By using Logit sampling and a Finite State Machine (FSM), Function Sampler guides the language model to generate function calls that adhere to a predefined schema. This eliminates the need for parsing the outputs and ensures that the generated function calls are always valid.

Features

  • Enforces the schema of function calls on the language model using Logit sampling
  • Activates sampling based on a specified delimiter token or string in the configuration
  • Supports top_p, top_k, temperature, and repetition_penalty sampling for function call values
  • Utilizes a Finite State Machine (FSM) to guide the sampling process
  • Provides a flexible configuration system using Pydantic models or keyword arguments
  • Includes a demo notebook showcasing various usage examples

Installation

Before installing the function-sampler library, you need to first ensure that the Rust programming language is installed on your system. Follow the installation instructions for your platform below, then continue to install the library from source.

Install Rust

Windows
  1. Download and run the Rust installer from rustup.rs.

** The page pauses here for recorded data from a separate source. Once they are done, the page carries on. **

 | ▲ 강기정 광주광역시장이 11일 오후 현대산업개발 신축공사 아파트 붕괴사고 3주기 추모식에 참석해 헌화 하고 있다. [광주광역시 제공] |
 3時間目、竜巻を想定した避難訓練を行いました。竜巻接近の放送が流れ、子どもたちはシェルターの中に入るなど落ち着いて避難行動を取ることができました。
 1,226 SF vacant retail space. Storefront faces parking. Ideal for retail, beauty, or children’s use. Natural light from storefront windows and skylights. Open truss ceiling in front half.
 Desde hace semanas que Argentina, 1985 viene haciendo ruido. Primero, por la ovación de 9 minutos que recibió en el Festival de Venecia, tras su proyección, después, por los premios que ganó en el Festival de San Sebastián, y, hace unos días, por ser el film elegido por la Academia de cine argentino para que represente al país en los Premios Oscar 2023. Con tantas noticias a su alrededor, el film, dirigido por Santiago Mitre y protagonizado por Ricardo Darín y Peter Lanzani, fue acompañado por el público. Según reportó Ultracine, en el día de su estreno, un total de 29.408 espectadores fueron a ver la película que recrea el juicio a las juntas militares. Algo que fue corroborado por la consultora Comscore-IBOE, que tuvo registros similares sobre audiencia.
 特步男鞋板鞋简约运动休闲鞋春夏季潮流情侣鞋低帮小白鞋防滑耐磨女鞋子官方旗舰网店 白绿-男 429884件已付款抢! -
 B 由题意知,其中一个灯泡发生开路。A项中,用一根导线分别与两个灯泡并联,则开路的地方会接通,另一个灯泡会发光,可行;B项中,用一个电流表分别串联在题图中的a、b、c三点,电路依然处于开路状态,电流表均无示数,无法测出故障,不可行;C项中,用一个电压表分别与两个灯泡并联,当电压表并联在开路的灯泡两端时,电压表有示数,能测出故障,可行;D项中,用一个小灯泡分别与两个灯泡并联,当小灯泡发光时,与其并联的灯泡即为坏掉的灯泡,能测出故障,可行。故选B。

  2. Follow the prompts to install Rust. This will also install cargo, Rust's package manager and build system.

  3. After installation, open a new command prompt and verify the installation by running:

    rustc --version
    
  4. Add Rust to your system PATH manually if it's not done automatically by the installer. Usually, Rust is installed under %USERPROFILE%\.cargo\bin.

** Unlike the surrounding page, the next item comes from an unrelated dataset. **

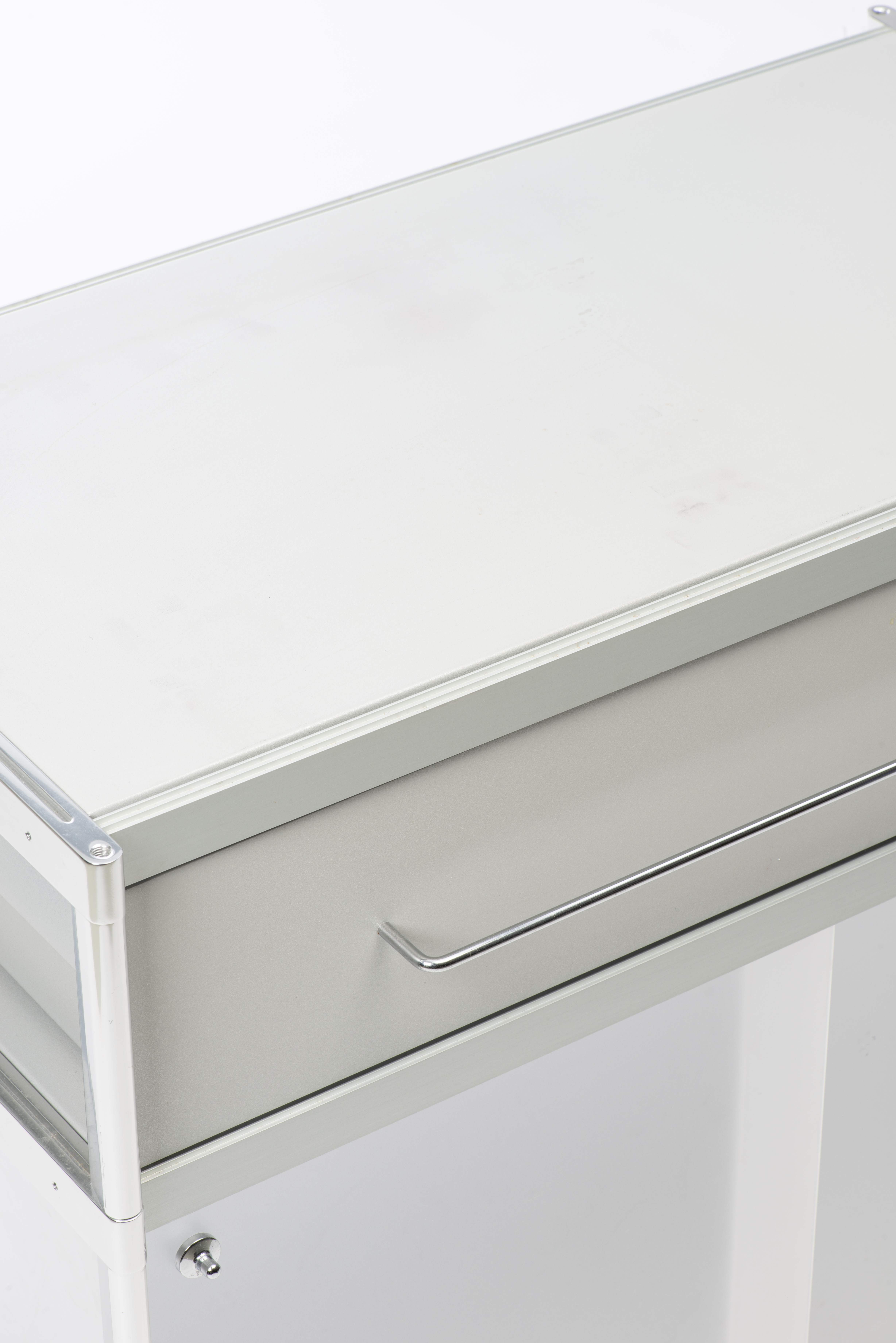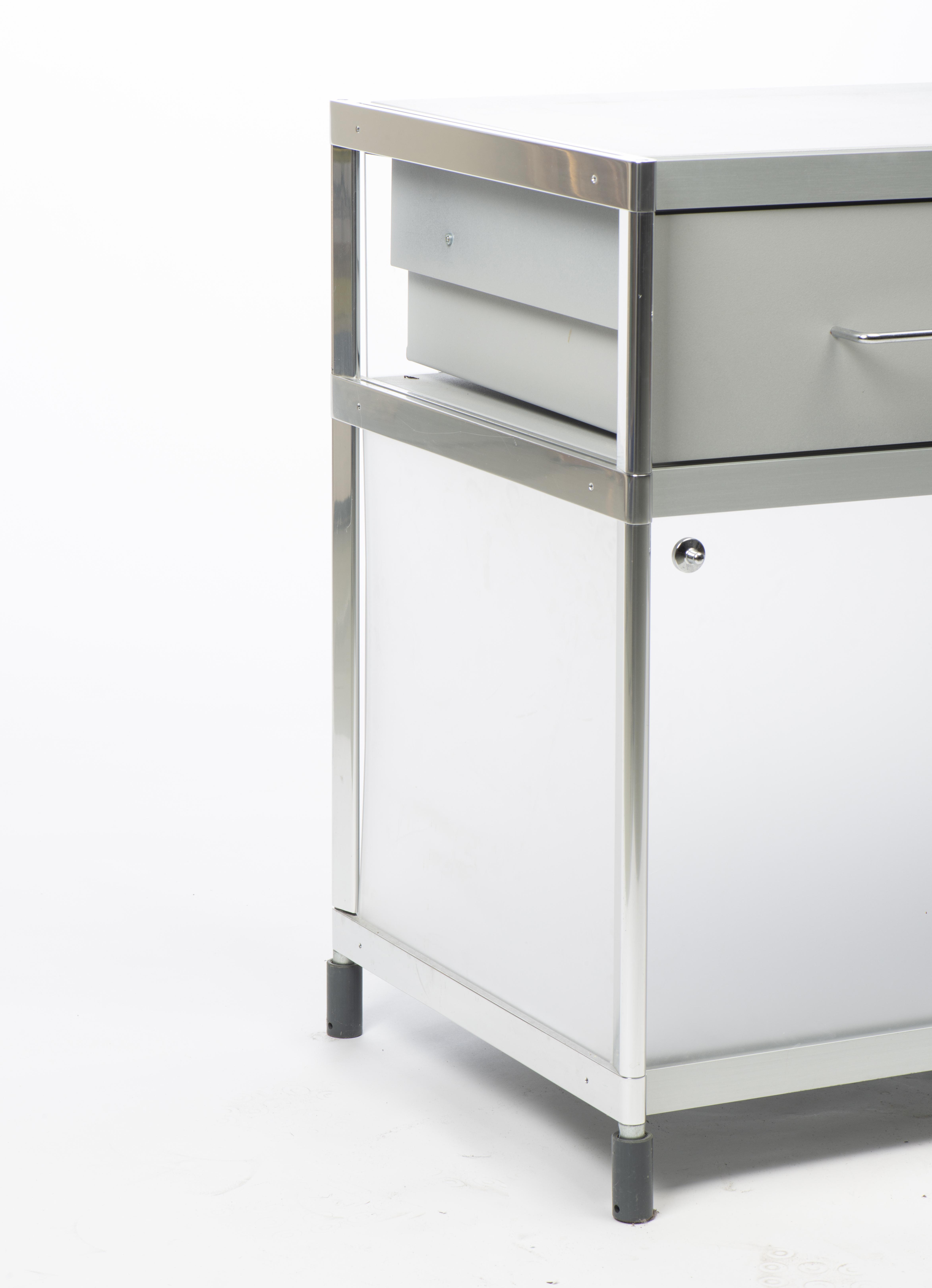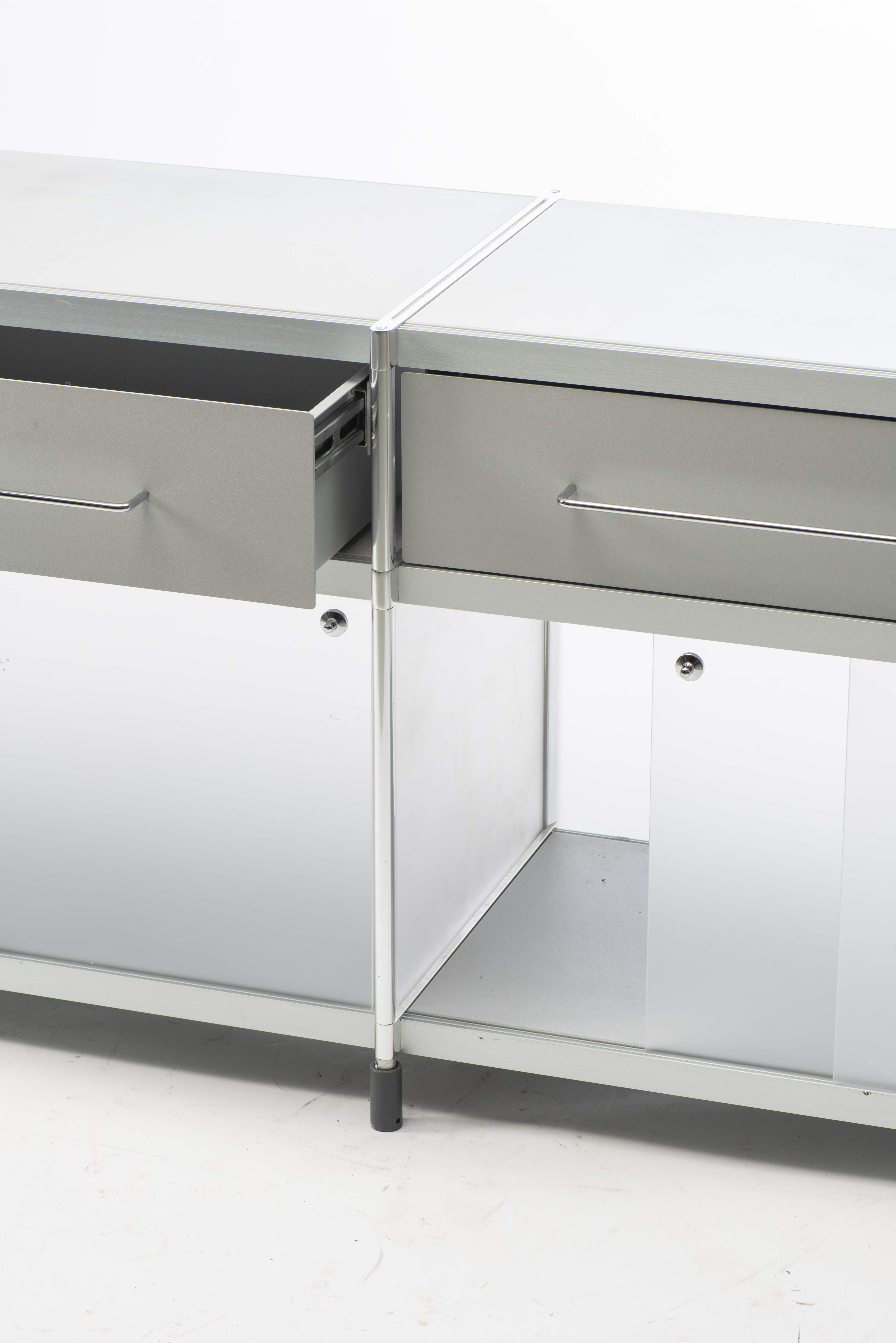 Alfredo HÄBERLI (né en 1964), Buffet modèle "SEC SID007 ", éditions Alias, à deux caissons en méthacrylate et structure en profil d’aluminium extrudé chromé, avec des éléments moulés sous pression. Ouvre en façade par deux portes coulissantes.

  5. If Rust is installed correctly, you should see the version number, commit hash, and commit date.

macOS
  1. You can install Rust using the following command in your terminal:

    curl --proto '=https' --tlsv1.2 -sSf https://sh.rustup.rs | sh
    
  2. Follow the instructions on the screen to complete the installation.

  3. After the installation is complete, restart your terminal and verify the installation by running:

    rustc --version
    
  4. Rust installs its binaries in ~/.cargo/bin. You may need to add this directory to your PATH using:

    echo 'export PATH="$HOME/.cargo/bin:$PATH"' >> ~/.bash_profile
    
  5. If Rust is installed correctly, you should see the version number, commit hash, and commit date.

Linux
  1. Use the following command in your terminal to install Rust:

    curl --proto '=https' --tlsv1.2 -sSf https://sh.rustup.rs | sh
    
  2. Follow the on-screen instructions to complete the installation process.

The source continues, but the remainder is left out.